- Origin: Sunderland
- Genres: Indie rock
- Years active: 2008–present
- Labels: Rough Trade Pop Sex Ltd Wichita Recordings
- Members: Frankie Francis Michael Matthews Michael McKnight Ross Millard
- Past members: Pete Gofton Mick Ross Steven Dennis Simon Hubbard Dave Harper
- Website: www.frankieandtheheartstrings.com

= Frankie & The Heartstrings =

English indie rock band

Frankie & The Heartstrings are a Sunderland-based indie rock band formed in 2008. The band's debut album, Hunger was released on 21 February 2011, and debuted at No. 32 on the UK albums chart. Known for their partying, they were labelled as the indie Mötley Crüe.

==History==
Singer Frankie Francis and guitarist Michael McKnight were at college together. Drummer Dave Harper and McKnight had played in local bands for years. McKnight and Harper met Francis at a calypso night in a pub the singer was running at the time in Sunderland and formed the band in December 2008. Singer Francis had intended to play bass in the band, but Harper said that "He was the worst bassist ever". The band made their live debut in Christmas 2008 after friend Steven Dennis joined on bass. Former Kenickie drummer, Johnny X, now known by his real name Pete Gofton, joined as a keyboardist. Pete Gofton has since left (in 2010) and was replaced with Soundtracks for a B-Movie and Minotaurs guitarist Mick Ross. It has been said that Mick "adds steel, bite and panache to their musicianship". Other band names that were considered included Pop Sex and The New Groomers, but they settled on Frankie & The Heartstrings.

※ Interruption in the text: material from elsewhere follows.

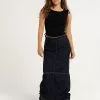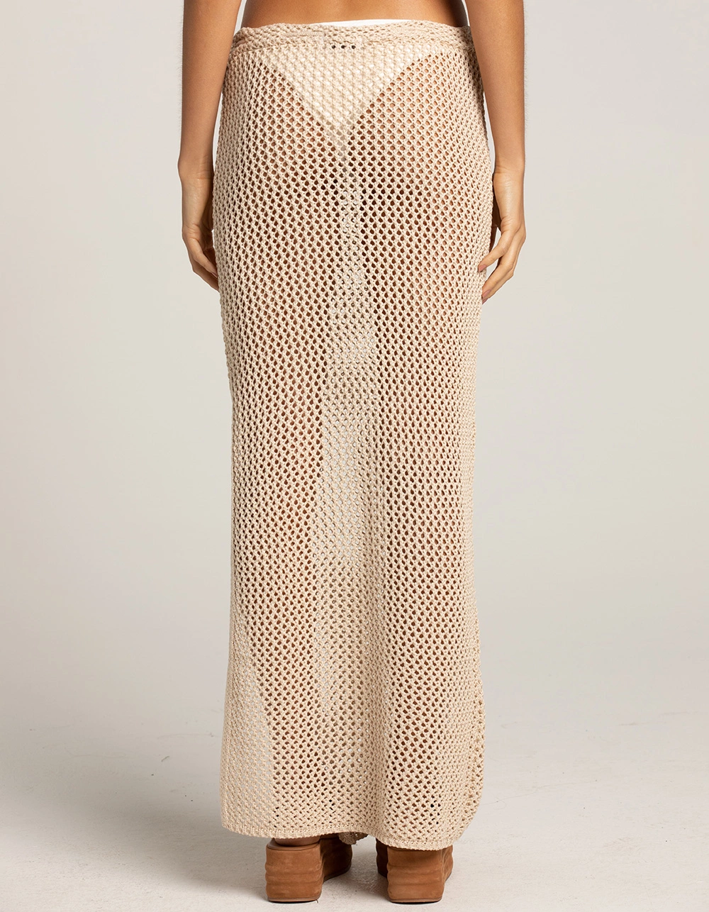 Dress Forum Crochet Maxi Skirt. Crochet knit construction. Adjustable drawstring closure at waist. Left leg side slit. Approx. length: 40”. 100% Acrylic. Hand wash. Imported.

The band's debut release was a 10" 7 track live EP 12.09.09, released on their own Pop Sex Ltd records in a limited edition of 500 in November 2009. The following month they followed it up with a double A side 7" single Hunger/Fragile released on Rough Trade. That month they played their first major tour supporting Florence & The Machine.

In April 2010, the band released their second single "Tender / I Want You Back". "Tender" was written by McKnight and was originally called "Tender Is the Night". It was recorded with James Ford of Simian Mobile Disco. Further gigging continued throughout 2010 including slots at the Glastonbury Festival, Summer Sundae and Latitude Festival, overseas shows in Europe, New York and Tokyo and support slots across the UK supporting The Futureheads and Edwyn Collins, who produced the band's debut album in the late summer and early Autumn at his West Heath Studios in London. The band released their third single "Ungrateful" in October 2010.

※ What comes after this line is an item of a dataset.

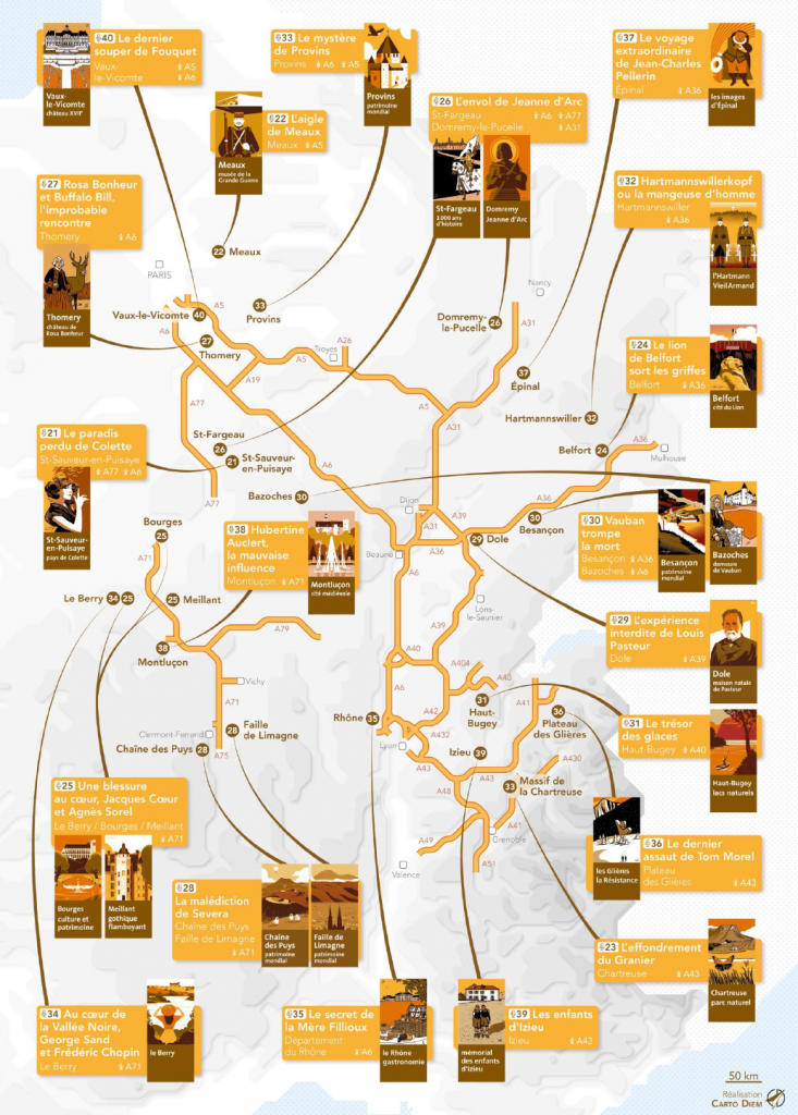 Deux saisons et 40 épisodes qui donnent vie aux légendes et aux figures emblématiques des territoires desservis par les autoroutes APRR et AREA sous la forme d’un divertissement qui veut enrichir l’expérience du voyage et favoriser l’attractivité des territoires.

The band's sound has drawn comparisons to Orange Juice and Dexy's Midnight Runners.

Hunger, Frankie and the Heartstrings' debut album, was released in the UK on 21 February 2011; it charted at No. 32 on the UK albums chart. Single "The Postcard" followed on 9 May 2011. The band then went on to support Kaiser Chiefs and The Vaccines on their UK tours later in the year. A non-Hunger-related single, "Everybody Looks Better (In the Right Light)", produced by Suede guitarist Bernard Butler, was released on 28 November 2011. Its b-side, "The Way That You Kiss", was produced by Ryan Jarman of The Cribs.

The band released their second album, The Days Run Away, on 3 June 2013. At the same time, they opened their own record store in Sunderland, Pop Recs Ltd. The store was initially only to be open for two weeks as a pop up store to promote The Days Run Away, but community response provoked the band to continue operating it permanently.

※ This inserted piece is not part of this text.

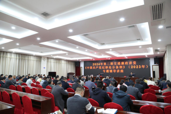 3月22日下午,株洲市交通运输局举办2024年第二期交通廉政讲堂,集中学习新修订的《中国共产党纪律处分条例》(以下简称《条例》)。邀请了市纪委监委案件审理室主任宋建华作专题辅导授课,局党组书记、局长付访华主持学习。在家局领导、局机关副科级以上实职干部、局属单位班子成员(含党委委员)、局党组向局属单位派出纪委书记和联络员、局机关及局属单位党支部书记等参加学习。

In 2014 guitarist Mick Ross was replaced by Ross Millard of The Futureheads. In 2015, after bassist Steven Dennis left the band, they were joined by Michael Matthews of This Ain't Vegas and Sky Larkin.

In July 2015 the band released their third album Decency. Recorded in late summer 2014 at Leeds' Suburban Homes studio with MJ of Hookworms at the controls, it was also the first release to feature Ross Millard. The band launched the album with shows in London and Newcastle as well as at Pop Recs Ltd. The band later toured both on their own and as support for The Charlatans, with Simon Hubbard on guitar and James Leonard Hewitson joining them on brass for a number of their dates.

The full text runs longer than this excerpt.